3) A microscope and a micromanipulator are required to position the microelectrode(s) depending on the experimental setup. For in vivo experiments, the user may remove the microscope to make room for different machines, such as treadmills.

4) A speaker is required to collect and amplify your electrodes'' acquired signals. This is connected to a digitizer to convert analog signals into digital signals.

5) Data acquisition and analysis software is required to complete the experiment, design and run protocols, and to obtain substantial results from the collected data.

De plus, the user may need to consider incorporateping medication delivery systems and temperature control devices.

Intracellular recording of electrophysiological techniques

The five most common patch-clamp methods are described in Figure 5. It involves constructing a series circuit with a cell or patch of cell membrane without bending the wall. Instead, a glass micropipette, which includes a silver/silver-chloride wire attached to a patch-clamp amplifier, forms a high resistance gigaohm seal between the patch and the glass in the mouth.

The whole-cell configuration is achieved by approaching the cell membrane with a capillary glass microelectrod that has been micro-forge heated and pulled so that the mouth diameter is 1 m, with a resistance of between 2 and 6 M, and pipette offset zeroed.

When the micropipette is filled with an internal pressure of up to 2 ml, it is applied to the electrode''s release, which allows the membrane and pipette to become contiguous, forming a loose patch, increasing resistance and decreasing the current amplitude observed in the 5 mV seal test. This normally reduces the observed seal test current to a flat line with two fast pipette capacitance transients at the start and end of the voltage step. These are removed by

The electrode is gently pulled out and up to the surface of the cell, removing the danger of the nucleus blocking the patch and increasing accessresistance. The cell is now held at a negative potential approximately equal to resting membrane potential (-60 mgV) and negative pressure is applied to rupture the membrane. This means that the excitability of the whole-cell membrane can now be measured and manipulated.
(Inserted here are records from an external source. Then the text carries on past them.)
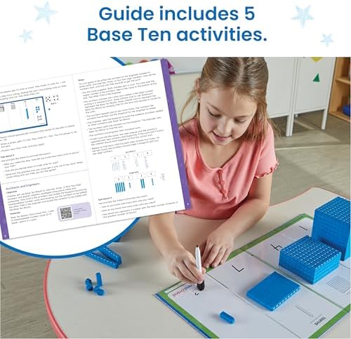 A hands-on way to learn place value, number concepts, and more! The included Plastic Base Ten Blocks provide visual representation of place value. Base Ten Blocks provide a proportional model of the base ten number system. They give children ways to physically represent the concepts of place value, addition, subtraction, multiplication, and division. By building numbers with Base Ten Blocks, children ease into the concept of regrouping and can see the logical development of each operation. Write-on/wipe-off Place Value Mat is double-sided for whole number activities on one side and decimal practice on another. Includes 131 Interlox Base Ten Blocks (1 Cube, 10 Flats, 20 Rods, 100 Units), 1 Dry-Erase Marker, 1 Place Value Mat, 1 Activity Guide. For over 50 years, hand2mind has encouraged hands-on learning and discovery, driving deeper understanding and helping children unlock their full potential. hand2mind specializes in math manipulatives designed to help students learn by doing. Particularly with place value, hand2mind supplies place value manipulatives like Base Ten Blocks and Place Value Discs to help kids comprehend thousands, hundreds, decimals and more! From early math to Middle School math, hand2mind has you covered with products designed to enhance learning in the classroom and the world around us. Through hands-on exploration and discovery we strive to find new ways to encourage students in math practice, literacy activities, STEM education and more!
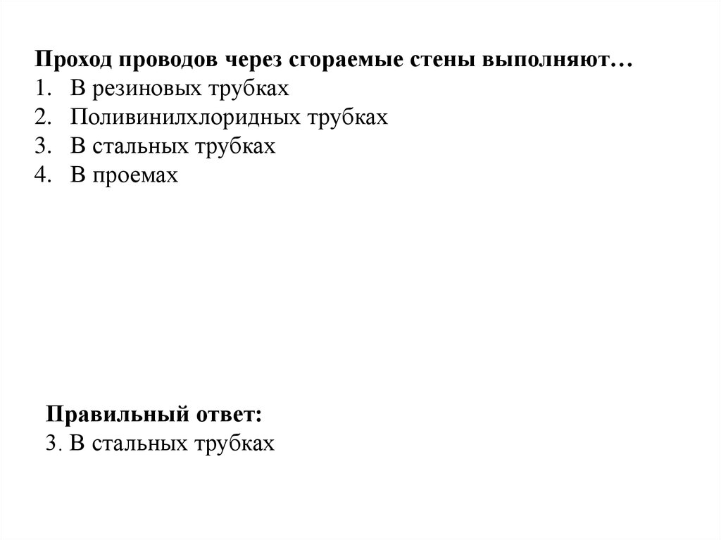 Проход проводов через сгораемые стены выполняют…1. В резиновых трубках
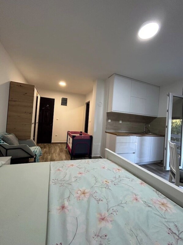 Nestled in a quiet area, this studio apartment offers a serene retreat for couples. Enjoy the beautiful garden view from the balcony and take advantage of its proximity to Maljevik beach and Sutomore beach.
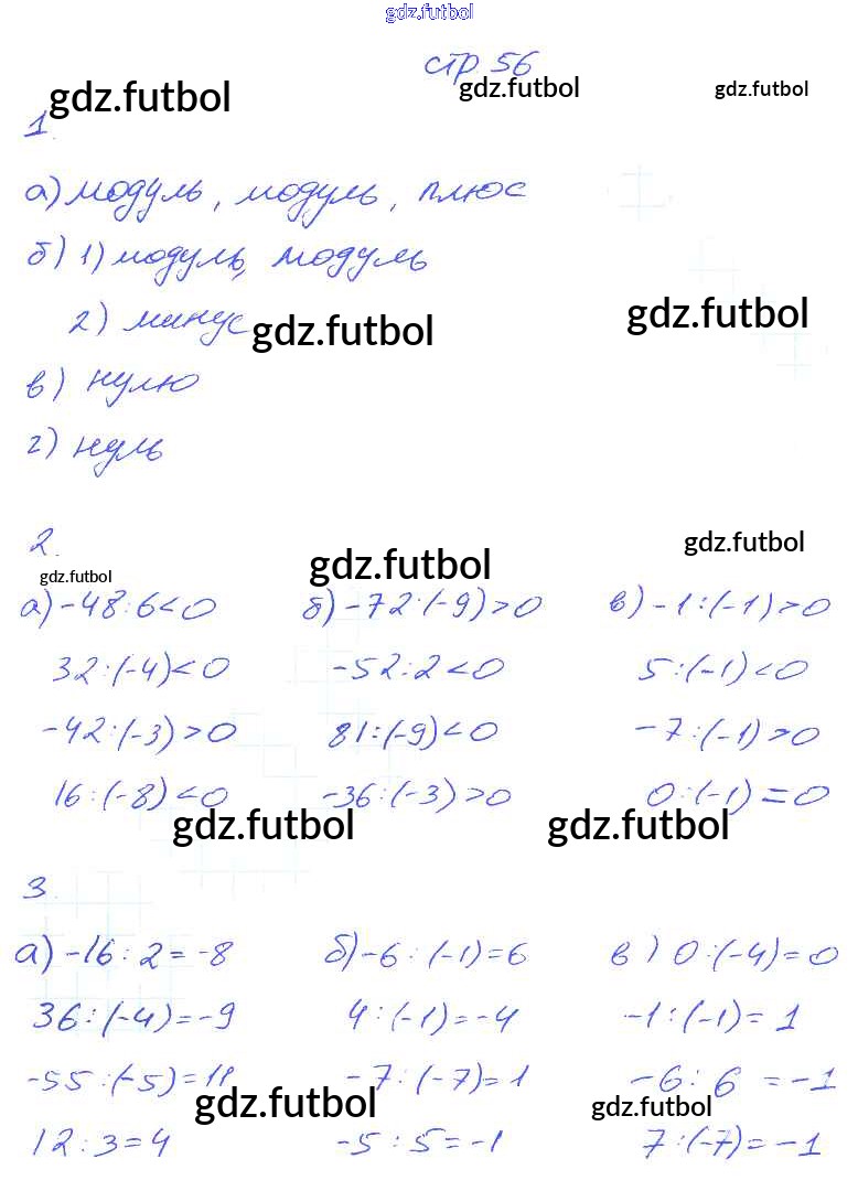 Готовые домашние задания по Математике за 6 класс Ерина Рабочая тетрадь УМК 2017 ФГОС - Часть 1. Страницы 56

How to Make the Different Patch-clamp Configurations in Figure 5

In the whole-cell configuration, it is possible to investigate the electrical properties of the cell in current-clamp and voltage-clamp modes.

The user observes a known current amplitude in the inside of the cell through their setup and observes the change in cell excitability in response to these current injections. This technique is useful because it can mimic physiological situations, like a synaptic input. In Figure 6 A, you can see how one cell responds to increasing step current injections from -20 to +20 pA in 10 pA steps, such that +10 pA of current injection was sufficient to allow the cell to threshold and fire action

Figure 6: A retrospective examination of mouse AgRP neurons in a brain slice preparation. Credit: Branco et al. 2016,7 reproduced under the Creative Commons Attribution 4.0 International license.

The membrane potential is measured at user-defined voltages in voltage-clamp mode. The feedback amplifier and headstage are able to activate the clamp, which allows the feedback amplifier and headstage to produce current to hold the cell''s membrane potential at different command voltages set by the user.

Ion channels open at different command voltages, indicating membrane resistance changes as ionic currents flow across the membrane. This instantaneously, the feedback amplifier compensates for this by injecting the reciprocal current to maintain the cell at the command voltage, giving a read out of this injected current as the membrane current.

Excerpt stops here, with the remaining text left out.